If God is God, He is weird
and so are we, His followers.

We eat the body and drink the blood of a carpenter who taught that people should be re-birthed in order to enter into a kingdom that no one can see, a man who was prophesied about by another man who cooked his food over a fire of shit. A man who came from people whose most holy day commemorated a time when their ancestors covered their doorways with the blood of a sheep, specifically a one year old male lamb with no broken bones or scars.

So if the urban pastor with his seeker friendly sermons
is going to use the word weird in a discussion of God
he ought to drop the not from the statement
and testify that God is weird, His plans are weird
and we, His people, are most definitely weird.

Friday, June 26, 2009

Otter Pops and Wombats

These Otterpops got me feeling all sorts of nice. I’m double fisting purple and orange day dreaming about talking wombats. I imagine their advice being the same as the voice I’ve learned to ignore. Summer days are like that, all orange cream sodas, sun shine and optimism.

Those wombats are whisperers.

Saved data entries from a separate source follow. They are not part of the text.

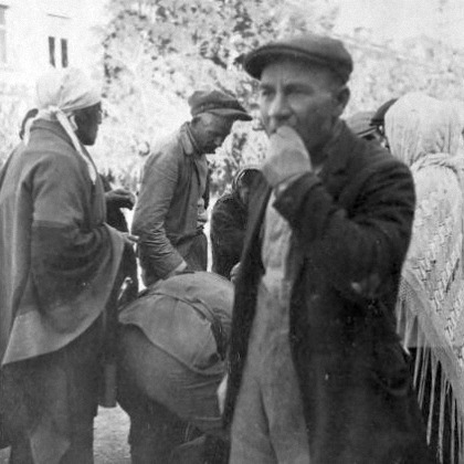 Я был не особенно поражен виденным: мало ли я наблюдал зверств и горя за это время. Следуя за ними, я наткнулся на женщин нашего двора. Они стояли по двое, обнявшись, что меня очень удивило, так как женщины нашего двора постоянно грызутся между собой как собаки. Все они плакали и смотрели на подконвойных. «В чем дело?» — спросил я. «Это немцы потащили еврейского ребенка на казнь. А с ним идут дедушка и бабушка, не хотят его отдавать. Да как не отдашь? Все равно заберут силой». Я был расстроен. Подумать только — только расстроен! До чего же огрубели наши чувства, что даже такой чувствительный человек, как я, только расстраивается от зрелища казни немцами русских (полуеврейских) детей.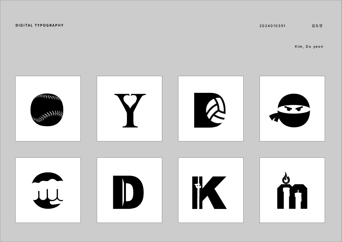 3D 컴퓨터 그래픽스는 걸그룹 '뉴진스'의 응원봉인 '빙키봉'을 광고하기 위한 목적으로 제작했다. 타이포그래피의 1번 사진과 2번 사진은 글자와 아이콘의 결합으로 형태와 반형태를 나타낸 것이다. 3번 사진은 글자를 이용해 타입 패턴을 제작했다. 정보디자인의 1번 사진은 nc 다이노스 소속인 야구선수 김주원의 정보디자인이다. 2번 사진은 글러브의 종류와 차이점에 대해 인포그래픽을 제작했다. 3번 사진은 nc 다이노스 소속 야구선수 박민우의 인포그래픽이다. 4번 사진은 3번을 기반으로 제작한 박민우에 대한 포스터이다.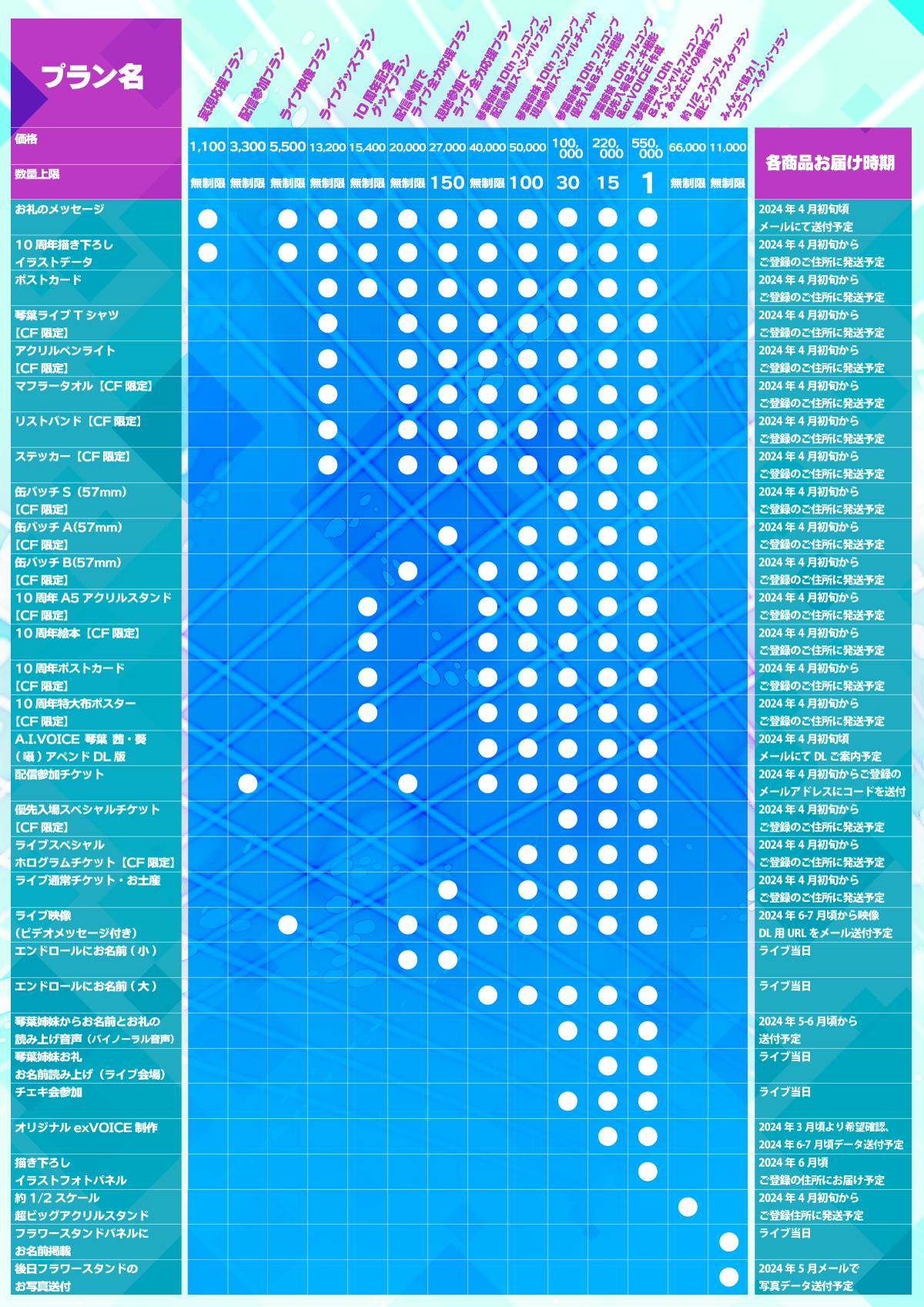 各プランのリターンの内容と、お届け予定日の一覧表です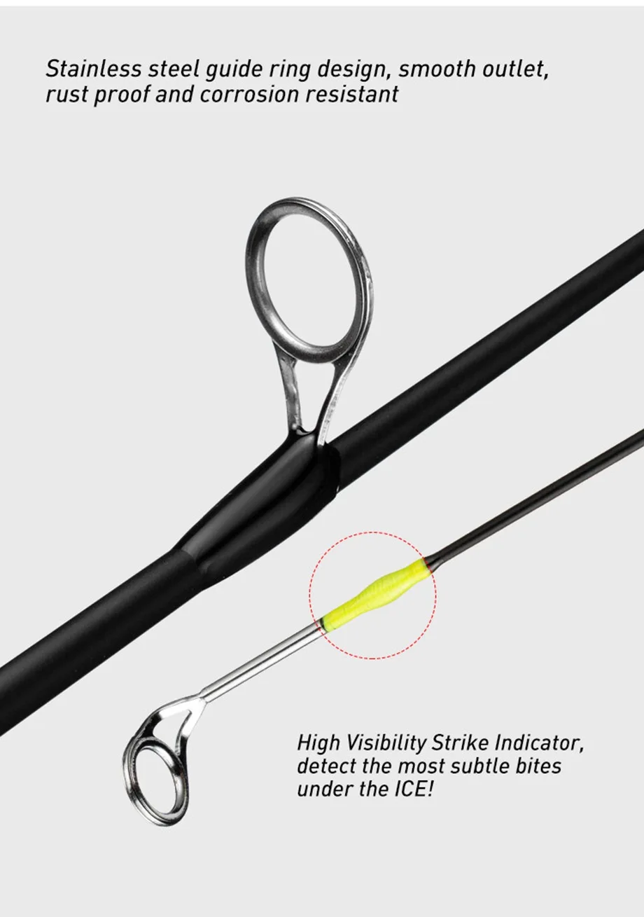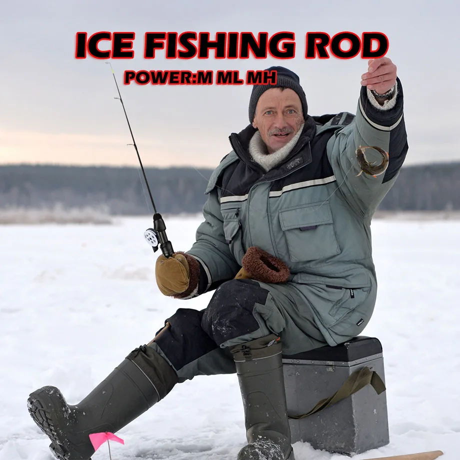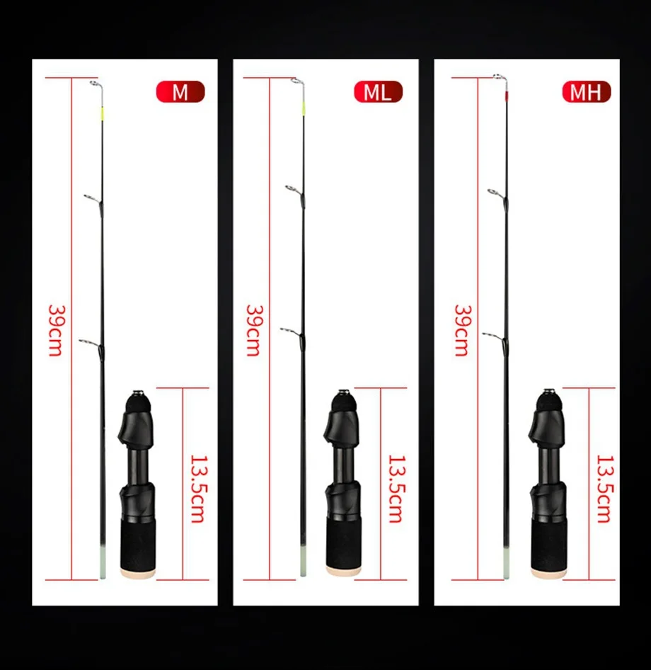 FTK-caña de pescar en hielo de 50cm, 2 puntas M/ML/MH, fibra de vidrio eléctrica, Mini caña telescópica portátil para pesca en hielo, aparejos de pesca de carpa de invierno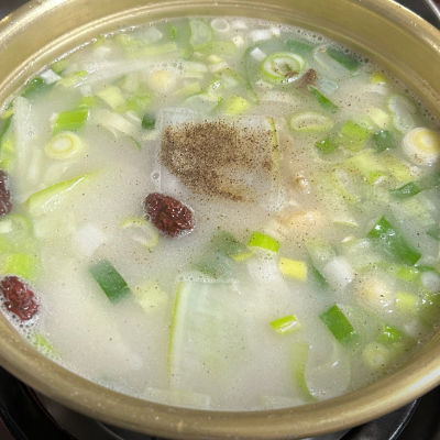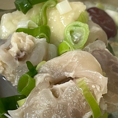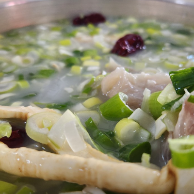 스지탕에는 스지, 수제비, 파, 대추가 들어있답니다. 수제비는 추가가 가능한 걸로 알고 있는데, 간혹 수제비가 떨어졌다고 하시는 날도 있더라고요.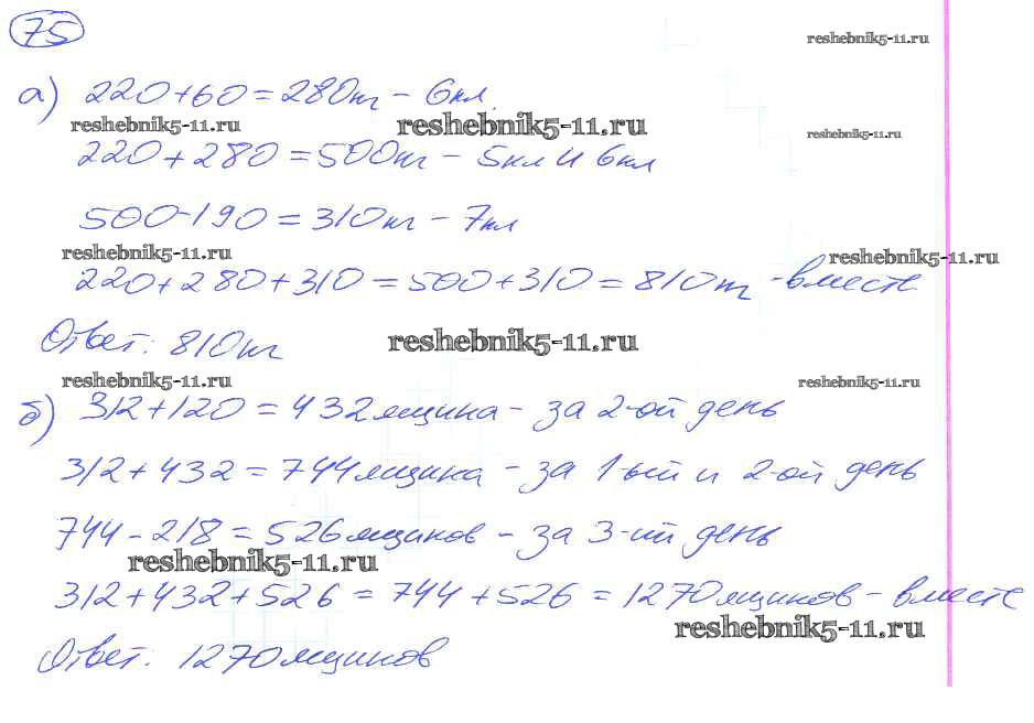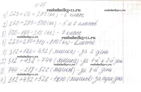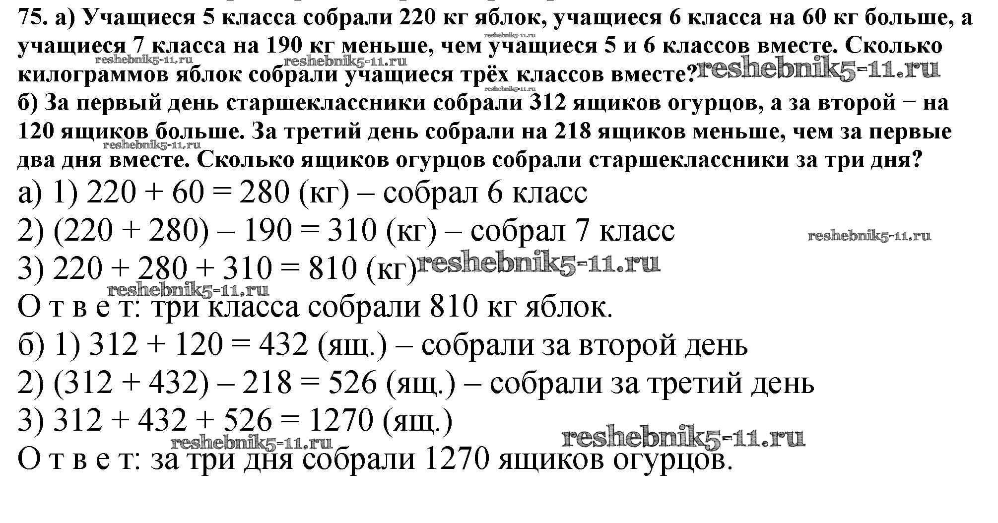 Готовая домашняя работа с ответами по Математике за 5 класс Никольский, Потапов, Решетников, Шевкин Учебник МГУ - школе Просвещение 2016 ФГОС - Упражнения 75
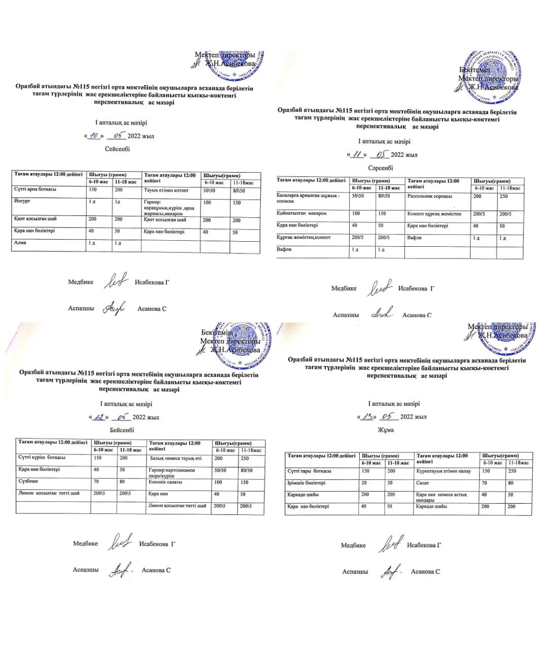 Мектеп оқушыларына арналған мамыр айының ас мәзірі » «№115 Оразбай атындағы негізгі орта мектебі» КММ

They tell me about her—they don’t even know her name, but they know more than enough. “It’s just the Otterpops talking. How many have you had today? Could you step out of the vehicle sir.” They shine their fancy Maglites in my eyes, leaving me seeing red and blue blotches that tell me to come back down, have a cup of coffee and pay my bills on time. If they weren’t wombats, I swear I’d shoot them. But they're wombat and I love wombats. Besides I think they’re on the endangered species list, and I don’t want that on my conscience.

Saturday, June 20, 2009

The Eye of a Needle

She tells me the boys at school are rude
they tell her about their 20 inch members
she is thirteen and they are upperclassmen
she tells me one unzipped his fly
asked her to get in

I comment on the impossibility of the suggestion
a 5’7 girl fitting through a six inch zipper
because humor relieves tension
because I can’t believe someone would say that to her
because I’m not used to feeling the urge to castrate teenagers

She says it like it’s nothing
a minor annoyance
a mosquito bite
a creaky door
a parking ticket

The conversation moves on
she’s telling me about the rabbits she raises for the county fair
I’m trying hard
to remind myself
what Jesus said about rich men going to heaven
trying to remind myself
if camels can fit through the eye of a needle
maybe pervy teenagers can fit too.

The Wink

Hey You,
in the gray-ish Saturn!

I though you should know that
I winked
when you passed me
in my blue Corolla.

I winked
because. . .
you’re hot,

and I thought
you might be lonely?

Maybe After my Coffee

Light falls between Redwood branches
bouncing of bay leaves on it’s way to me
while the birds are still gossiping

I’m hoping I can make to my first cup of coffee
it’s too early and I’m too dead to reflect on anything
beautiful, alarming or confusing

Maybe when I wake up I’ll remember something about this
or maybe I won’t—I’m not sure how much it matters
when I have my coffee I’ll give it more thought
I hope

I’ll probably have things to do by then
things always need doing
I hardly have time to think about all the things that need doing
let alone early morning light, trees and birds
but maybe after my coffee. . .

What Dogs do on Hot Days

A beagle pees on the sidewalk in front of me.
The stream runs over the hot concrete into the gutter.
The little girl walking the small dog looks back at me.
I think she is looking for my reaction,
there’s a tinge of pride in her eyes.
I squint and watch the dog walk away.